Snow Leopard: Apple's $66 million OS
As expected, the latest update to Apple's (AAPL) flagship Macintosh operating system — Mac OS X Snow Leopard — is going on sale Aug. 28 for the previously announced price of $29.
Piper Jaffray's Gene Munster has done some quick back-of-the-envelope calculations and concluded Apple is in it less for the money than for the strategic advantage it hopes to gain over Microsoft's (MSFT) Windows 7, schedule to ship in October.
According to Munster, Apple is likely to sell 5 million copies of Mac OS X v10.6 in the remaining month of its fiscal fourth quarter for an average selling price of of $22 — less than $29 and more than the $9.95 Up-to-Date price Apple has offered customers who bought MacBook Pros after June 8.
At 60% gross margin, that comes out to $66 million, or $.05 per share — a bump that Munster believes has already been baked into the Street's Q4 estimates.
So what's really going on here, he asks rhetorically?

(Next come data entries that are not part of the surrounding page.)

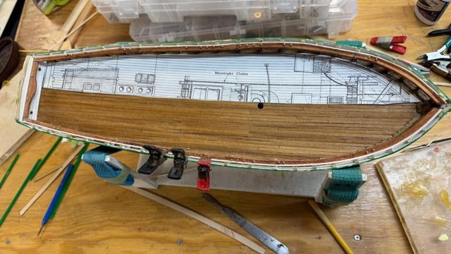 Phil To seal the insides.......That sounds like great advice. Back when I started all this modeling, my hulls were for Radio Control sailing and both inside and outside were epoxied. Those hulls will last a long time..😀 I have never done that on my static hulls, but it makes a lot of sense to at least seal them, and I will do it. On this build , especially when the top strakes I am doing are so thin, a thin epoxy makes good sense. thanks for the advice Jon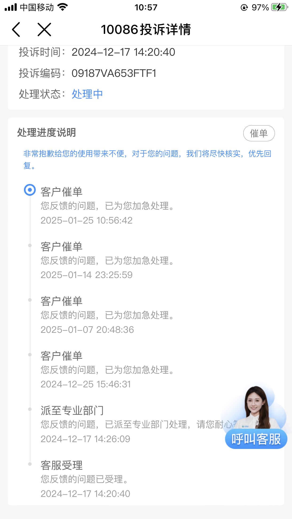 内容: 中国移动诈骗,乱收费,多次打10086没有人处理,反正就是要我等回复三个月了没有回复。也多次催处理、反正就是已帮你催处理。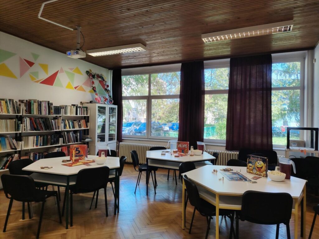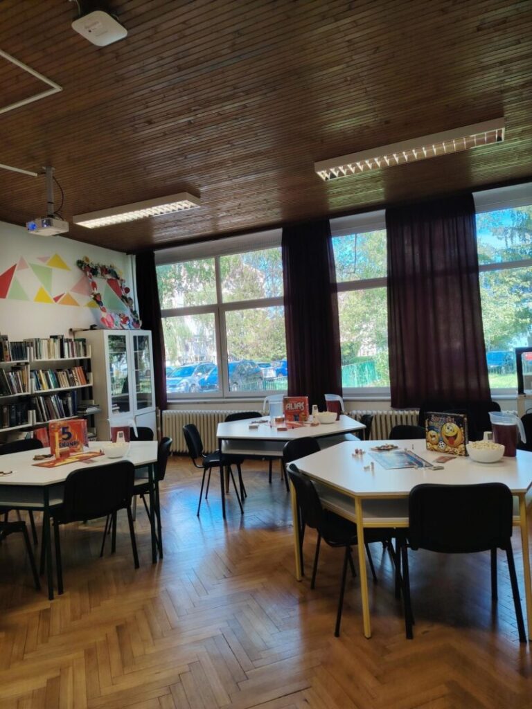U školskoj čitaonici bila je postavljena i izložba djela Tin Ujević i Miroslav Krleža, a učenici su bili pozvani i na druženje uz razne društvene igre, čime je prostor postao mjesto susreta, zabave i opuštenog učenja.

Despite the long list of improvements Apple is touting — it claims to have "refined" 90% of the more than 1,000 "projects" that make up the OS X — Munster describes Snow Leopard as "a minor upgrade … without many significant new features."
In Munster's view, Apple is using Snow Leopard as
"an opportunity to sell it at a lower price ($29 vs. $129 previously) and market the new OS as a selling point for the Mac platform over the Windows platform. In other words, Apple is promoting the Mac platform as a superior alternative to Windows in terms of newer technology, more frequently, for less money. The release of Snow Leopard is not about new features; rather, it is about keeping Mac users up to date with the latest technology vs. Windows XP and Vista users on antiquated technology."